Ø For I2C and SMBus, the sink current requirements vary and if both are to compatible, the pull-up resistors need to be selected carefully.

Ø Although, voltage swings as per electrical specifications vary, interchangeability can be done.

SMBALERT#:

SMBus in some application also has special alert signal which indicates the interrupt condition to the host. This signal is mainly used in PCI application. Some of the PCI add-in cards use SMBus for their communication and it is common to see SMBus signals defined in standard PCI connectors. The following pin out of PCIe x1 slot shows SMBus signals.

The below table shows a comparison of I2C and SMBus:

I2C	SMBus
Speed : 0-100 KHz 0-400 KHz 0-1 MHz 0-3.4 MHz	Speed: 10-100KHz
No time-out	Time-out of 35ms
Rise and Fall time not defined	Rise and Fall time defined
The time for which Slave and Master can hold clock low are not defined.	The time for which Slave and Master can hold clock low (SEXT, MEXT) are defined.
Hot plugging doesn’t work	Hot plugging works
For 7-bit addressing, 128 devices can be connected.	For 7-bit addressing, 128 devices can be connected.
Dynamic address allocation not possible.	Includes Address resolution protocol that can make dynamic address allocations.
Packet Error checking not included.	Packet Error checking included.
Error recovery impossible if Slave holds Data or Clock line low forever.	Error recovery possible after time out

What happens if data or Clock line is held low forever by slave?
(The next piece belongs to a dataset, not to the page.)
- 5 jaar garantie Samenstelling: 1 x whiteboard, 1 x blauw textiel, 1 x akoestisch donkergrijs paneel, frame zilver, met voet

This is an error condition in I2C, where master can’t handle. Slaves doesn’t generally doesn’t hold clock low and it is data line which can be held low for some time. The master has to keep sending clock signals over a time until slave pulls it high. Where as in SMBus, after a specific time, slave will be reset.

Applications of SMBus:

ü Smart Batteries

ü Power Management (PMICs)

ü Communication with add-in cards of PCI

ü Temperature, Voltage Sensors.

Saturday, 5 May 2012

Understanding I2C - Part 3

Beginners need to know that I2C is a simple synchronous serial communication protocol.
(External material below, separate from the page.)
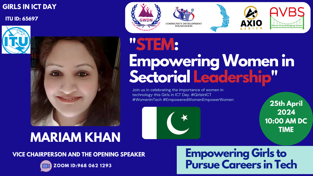 Feeling great Honour to announce consecutive fifth year round 5 of celebrating International Girls in ICT Day event on April 25th, 2024. The theme of this year's event is "Leadership”focusing on empowering young girls in the field of Information and Communication Technology. STEM education plays a crucial role in empowering women and girls by providing them with the knowledge and skills needed to thrive in fields traditionally dominated by men. By encouraging women and girls to pursue STEM subjects, we can promote gender equality, break down stereotypes, and increase diversity in these industries. STEM education opens up a world of opportunities for women and girls, allowing them to contribute to innovation, research, and technological advancements. It helps bridge the gender gap, promotes inclusivity, and empowers women to pursue fulfilling and successful careers in STEM fields. In addition to celebrating International Girls in ICT Day, we will also be launching our project WIFI (Women in ICT Frontier Initiative) at our own in partnership with 5 countries and 5 respective organizations from Pakistan, South Africa, Ghana, Uganda and Bangladesh with a brilliant team of Gudrun Frank Ivy Lawson Tessa Taylor Fozia Ihsan Namyalo Rebecca aimed at bridging the gender gap in the ICT industry and empowering women to excel in this field. We believe that your Presence in this would greatly benefit our young girls aspiring to pursue careers in ICT. Your contribution to this event would be invaluable in inspiring and motivating the next generation of female leaders in technology. We would be honored to have you share your knowledge and experiences online via zoom https://us02web.zoom.us/j/9680621293?omn=82364793683 with us at this important event. Your presence would truly make a difference in the lives of these young girls. Thank you for considering our invitation.

I2C routing/external cable distance:

If you are routing I2C lines on PCB or using external cables, we have to keep in mind the maximum distance to which it can be done. Generally, without considering any factors, the length can be 9-12 feet. But length depends on following factors:

1. Speed

2. Load (capacitance)

3. Source for pull-up

The distance can be increased by using a active current source instead of simple pull-up resistor. This is what is used in current amplifiers used as I2C repeater. For the same capacitance, I2C lines with repeater can be routed over longer distance than I2C lines with no repeater.

General Call in I2C:

In some cases, it is required that master need to communicate with all slaves at a time. In that case, Master has an option of sending “0000 0000” as address. This is called general call to which all the slaves will respond.
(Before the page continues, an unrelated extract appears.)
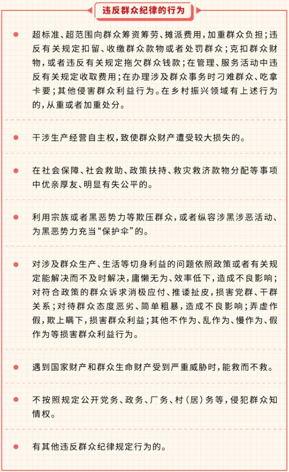 群众纪律群众纪律是党组织和党员在贯彻执行党的群众路线和处理党群关系过程中必须遵循的行为规则。群众纪律是党的性质和宗旨的体现,是密切党与群众血肉联系的重要保证,更具有执政党纪律的特色。《条例》第九章规定了对侵害群众利益、漠视群众利益、侵犯群众知情权等行为的处分。

Multi Master Configuration:

Consider an application which demands two microcontrollers and ‘N’ number of sensors. This is a multi master application and clock need to be controlled carefully by either of the master. In this case, masters need to deal with Arbitration and Clock synchronization. Arbitration is like masters fighting for bus and one of them getting control at a specific time. Clock synchronization is like different masters may use different clocks and this can be differentiating factor in the case of slaves deciding which master has initiated the transaction. In case, a master doesn’t want to lose control of the bus, it may send repeated start bit in place of stop bit. This helps the master keep control of the bus. We need to remember that when a “START” signal is sent from Master to slave, the internal logic of slave is set to specific state. SCL need not ne bi-directional but in multi-master mode, the SCL needs to be bi-directional.

Genuine I2C routine:

DATA = 1;

CLK = 1; // initially CLK and DATA are high

Delay(n);

DATA = 0; // data made low from high to indicate START

Delay(n);

CLK = 0; // clock made low and in this state data bit can be put on the bus

Delay(n);

DATA = 0 or 1; // as, clock is made low, we are sending data byte

Delay(n);

CLK = 1; // Now clock is high and bit is freezed

Note: ‘n’ in delay function depends on clock cycle.